The feedback data submodule 224 is utilized when a woman provides feedback regarding a personalized report. The feedback data submodule 224 may receive data from wearables, screening health tests, or self-reported data at the stage of preconception and pregnancy. Self-reported data may contain information on adverse effects during pregnancy such as morning sickness, nausea, weight gain during pregnancy or weight loss postpartum, blood pressure, pregnancy complications, baby gestational age, baby weight, and lactation issues.

In some embodiments, the feedback data submodule 224 enables input of methylation data to compare the methylation of an individual woman before and after a recommended nutrition or lifestyle plan.
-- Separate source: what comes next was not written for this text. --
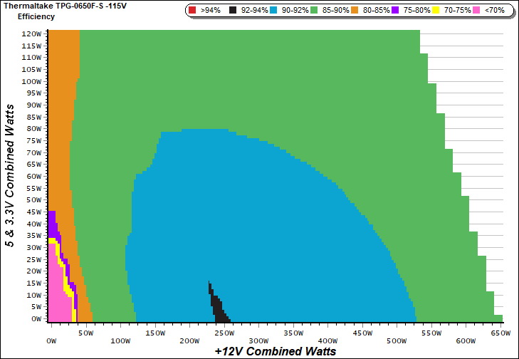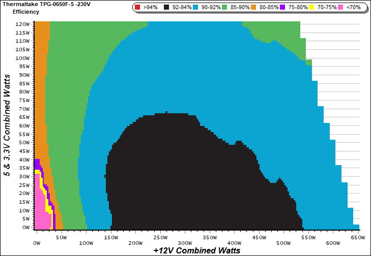 This graph depicts the PSU`s efficiency throughout its entire operational range. For the generation of the efficiency and noise graphs we set our loaders to auto mode through our custom-made software before trying thousands of possible load combinations.

The feedback data submodule 224 also receives reviews, survey responses, or other feedback from the individual about specific recipes, food recommendations, and likes/dislikes. The feedback data submodule 224 may be used by the user, or a third party, for example, a healthcare professional, to report adverse reactions such as morning sickness or nausea to specific foods or recipes.

Upon receipt of at least one of methylation data, wearables data, and survey data, the input processing engine 202a propagates the received data to the reference population database 208 which is a repository of methylation, wearables data, and survey data for a plurality of individuals. Material stored in the reference population database 208 is updated with new entries received from individuals via the input processing engine 202a. The reference population database 208 can also be updated by bulk downloads of methylation data and other material from multiple individuals and from public repositories of methylation data and other material, as well as wearables data from external sources, data repositories, and third parties.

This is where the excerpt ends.